Synthesis of dimer BTM-isobu-C(O)NHCH₂SiMe₃ (6). Carboxylic acid dimer 5 (15 mg, 0.03 mmol), EDC (4.4 mg, 0.03 mmol, 1.1 eq) and HOBt (3.8 mg, 0.03 mmol, 1.1 eq) were charged into a flame-dried 5 mL round bottom flask at room temperature. Dichloromethane (1 mL) and (trimethylsilyl)methylamine (4 mL, 0.03 mmol, 1.1 eq) were added, and the reaction mixture was stirred at rt for 2 hours. The reaction mixture was further diluted with CH₂Cl₂, and the organic layer was washed with water and sat. aq. NaCl, extracted, dried on MgSO₄, filtered, and the solvent was removed under reduced pressure. The residue was purified directly on silica. Isocratic elution (25% ethyl acetate in hexanes) afforded the desired product as an amorphous, colorless solid: (17.8 mg, 0.03mmol, 100%): IR (thin film) 3315, 2950, 2875, 1716, 1647, 1540, 1456, 1375, 1249, 1205, 1124, 1093, 1052, 1011, 939, 856; ¹H-NMR (400 MHz, CDCl₃) d 5.97 (t, 1 H, J = 5.08 Hz), 5.26 (s, 1 H), 5.24 (s, 1 H), 4.09 (m, 1 H), 3.98 (m, 1 H), 2.82 (dd, 1 H, J = 5.94, 15.28), 2.72 (sextet, 2 H, J = 6.67), 2.66 (dd, 1 H, J = 5.05, 15.16), 2.58 (m, 1 H), 2.32 (td, 2 H, J = 3.71, 13.96), 2.05 (m, 4 H), 1.86 (m, 4 H), 1.74 (m, 4 H), 1.63 (m, 6 H), 1.51 (m, 6 H), 1.39 (m, 9 H, including singlets at 1.40 and 1.37), 1.25 (m, 6 H), 0.94 (m, 6 H), 0.84 (m, 4 H), 0.07 (s, 9 H); ¹³C-NMR (100 MHz, CDCl₃) d175.87, 103.46,103.44, 101.08, 88.38, 88.29, 81.19, 81.01, 75.87, 74.26, 52.56, 52.54, 44.76, 44.69, 37.33, 37.26, 36.62, 36.51, 34.51, 29.79, 29.77, 29.71, 26.19, 26.11, 24.73, 24.66, 24.59, 24.56, 20.22, 13.24, -2.42; [a]_D²³=+59 (c=0.69, CHCl₃); HRMS (FAB) m/z calcd for C₃₈H₆₃NO₉Si (M+H) 706.4348, found 706.4350.

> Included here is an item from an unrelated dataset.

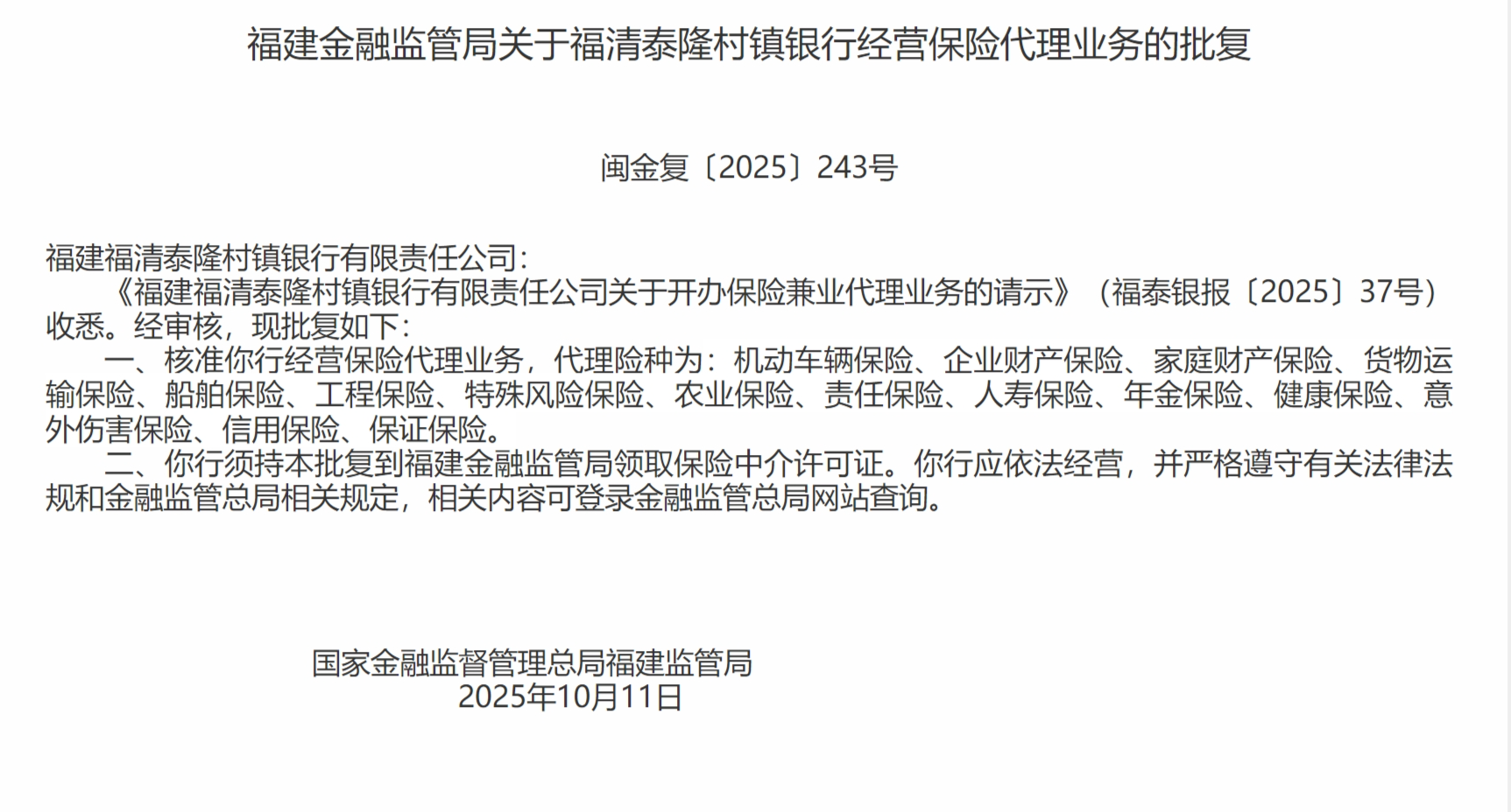 10月16日在线配资门户投资,福建金融监管局发布关于福清泰隆村镇银行经营保险代理业务的批复,核准该行经营保险代理业务,代理险种为:机动车辆保险、企业财产保险、家庭财产保险、货物运输保险、船舶保险、工程保险、特殊风险保险、农业保险、责任保险、人寿保险、年金保险、健康保险、意外伤害保险、信用保险、保证保险。该行须持本批复到福建金融监管局领取保险中介许可证。
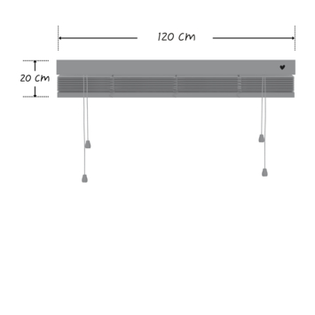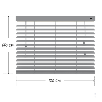 Deze jaloezie heeft lamellen van 50 mm breed, de lamellen kunnen gekanteld worden d.m.v. een trekkoord, waardoor je met de inval van het licht en de mate van inkijk kunt spelen. Wanneer de lamellen gesloten zijn, kunnen er altijd nog kleine lichtstralen tussen de lamellen zichtbaar zijn. Met het optrekkoord is de jaloezie eenvoudig op te trekken of te laten zakken. De genoemde breedte van het product is incl. bevestigingssteunen.

In conclusion, a single-digit oral dose of trioxane monomer silylamide 4a or of trioxane dimer silylamide 6, combined with mefloquine hydrochloride, is considerably more antimalarially efficacious than the popular ACT trioxane drug artemether (2c) combined with mefloquine hydrochloride [17,29,30,31,32]. Complete cure of malaria-infected mice was achieved with silylamides 4a and 6, which appear to be safe at the curative dose. Preclinical drug development is continuing, including trioxane lead optimization and use of other amine combination partners.